The centrepiece of the Tories’ Queen’s speech, to be held within the next month if the party forms a government, would be a “great repeal bill”.
This would scrap ID cards, home information packs and dozens of rarely enforced criminal offences introduced by Labour over 13 years.
But it's only a start, though I reckon the Tories will have far more pressing concerns in dealing with the mess Labour have left the economy in, still removing such laws as well as dealing with a bloated public sector might just be the core foundation of a winning strategy.
People aren't stupid, we know the mess the countries in, OK in the public sector their may well be a great deal of fear about where the axe will fall but who is to blame for that with an unsustainable amount of funding into the public sector to buy votes?

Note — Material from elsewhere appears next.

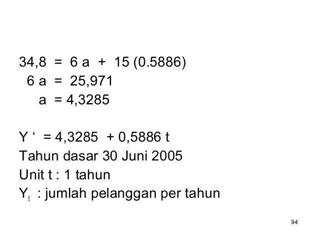 - 94. 94 34,8 = 6 a + 15 (0.5886) 6 a = 25,971 a = 4,3285 Y ‘ = 4,3285 + 0,5886 t Tahun dasar 30 Juni 2005 Unit t : 1 tahun Yt : jumlah pelanggan per tahun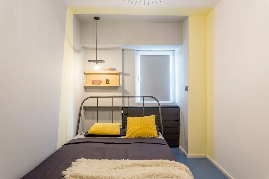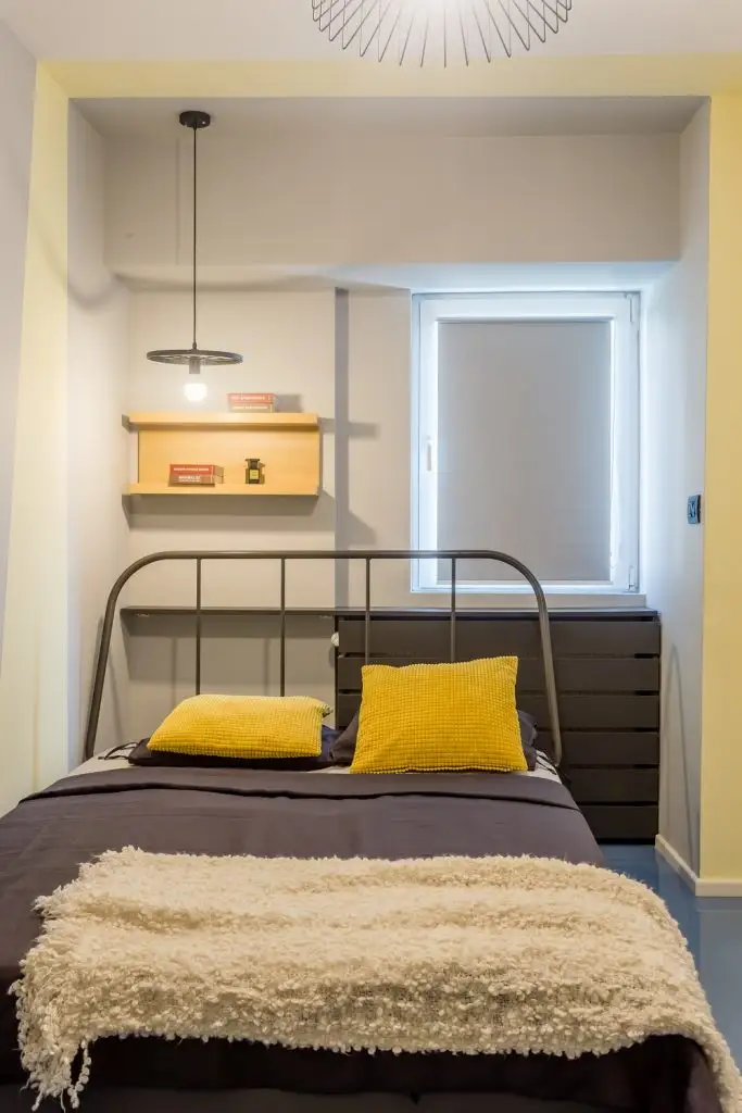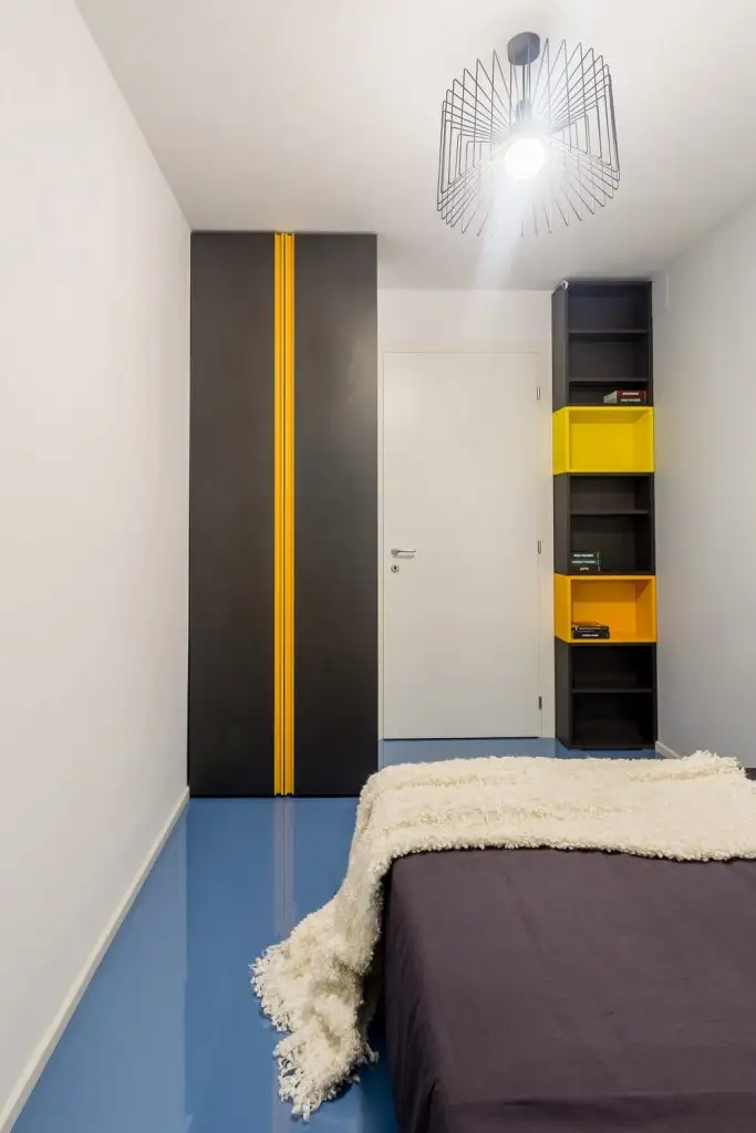 In dormitor, amenajat in locul fostei bucatarii, s-a mers pe aceeasi schema de culori ca in restul apartamentului: gri si accente de galben, cu pardoseala albastra. Linia grafica in nuanta galbena de pe pereti aduce dinamism interiorului. Patul este IKEA.

Most know that should Labour get back in it will be the IMF who will force far more savage cuts than the Tories will do. No doubt the Unions will try and force a showdown with a Tory government too, but that may well just force Cameron's hand into even more restrictive anti-union laws, no doubt he'll have public support for those too.
Still stripping away 13 years of ever increasing restrictions on our freedom will be a start, though he can't do anything about the EU diktats. But it will show more where the fault lies and who is to blame as well for crippling our economy with wasteful and restrictive laws, legal requirements and legislation.



H/T Sue at Muffled Vociferation.

Took you a while Cameron, but it's still not enough to get my vote.

7 annotations:

Antisthenes said...

Starting to look like true blues, still a long way to go yet.

Anonymous said...

Well, it's a start at getting rid of pain in the butt legislation.

I doubt it will be the centrepiece though as the Times suggests. Once Ken Clarke and the financial people have got together with the Bank of England, wee George is going to have to look at how he can claw back a trillion or so.

VAT up?, benefits down? end of public sector pensions? massive redundancies in the civil service? will be of more importance.

Like you say a good start. Wouldn't make me vote for them, because of course i don't believe anything they say. And of course a vote for the Tories would be a wasted vote in any case, as the 5000 people who have voted for them around here for the past 50 years can testify!

But yes. There's a lot of legislation that wants binning. I just doubt it will be thier priority or centrepiece.

Anonymous said...

BTW if 75% of British laws are made in Brussels and the unimportant little Celtic fringe makes its own laws on domestic policy why on earth do we have 646 MPs sitting around fiddling expenses in London, not to mention 733 aristocratic types sitting in the House of Lords buying second homes just outside London and drinking expensive claret on us?

Quiet_Man said...

@ Tris, why do you think so many of the English want out of the EU? It's only because we're not in a position to do anything about EU legislation that questions are now being asked why we need a UK parliament rather than just a federal set up.

Anonymous said...

Clegg suggests... and I agree with.... a referendum on whether this union should come out of, or stay in, that union. Personally I want out of both.

I think we should have it.

We seem to spend half our time worrying about the EU when there are roads that need the pot holes filled.

Let's get on with it. We are an island nation. We don't care for foreigners apparently, so I say come out if that's what the majority wants.

Stop immigration too. All of it. If the Brits hate foreigners and foreigners take their jobs and their women, then why do we allow them in at all? It's mad.

Do the majority, who dislike foreigners, run the country, or is it the minority who actually want foreigners to be allowed in?

Send them all home and manage on our own.

The universtities would soon stop these degrees in media studies and fillig a dish washer. We'd have to produce people who could do something useful.

It would also be an end to the excuses for the terminally lazy who blame the wogs for taking thier jobs, and the terminally stupid who blame the wogs for not working.

Anonymous said...

Oh and we don't need a huge UK parliament. The English should have a small parliament like the Scots, and if there absolutely must be, we should have a very very small House of Commons. 70- 100 absolutely maximum, who will do the federal stuff.

As for the House of Lords, they could be sent down the Jobcentre and put on new Deal for terminally useless thieving bas***ds. If there must be an upper house, England had 12, Scotland 3, Wales 2 and Ireland 1 + 18. No stupid mediaeval titles.

Sorted.

James Higham said...

There's the little matter he left out about 75% of laws being EU and in keeping us in, he is subject to them. So he can't roll them back without withdrawal from the EU and that can't happen without a referendum.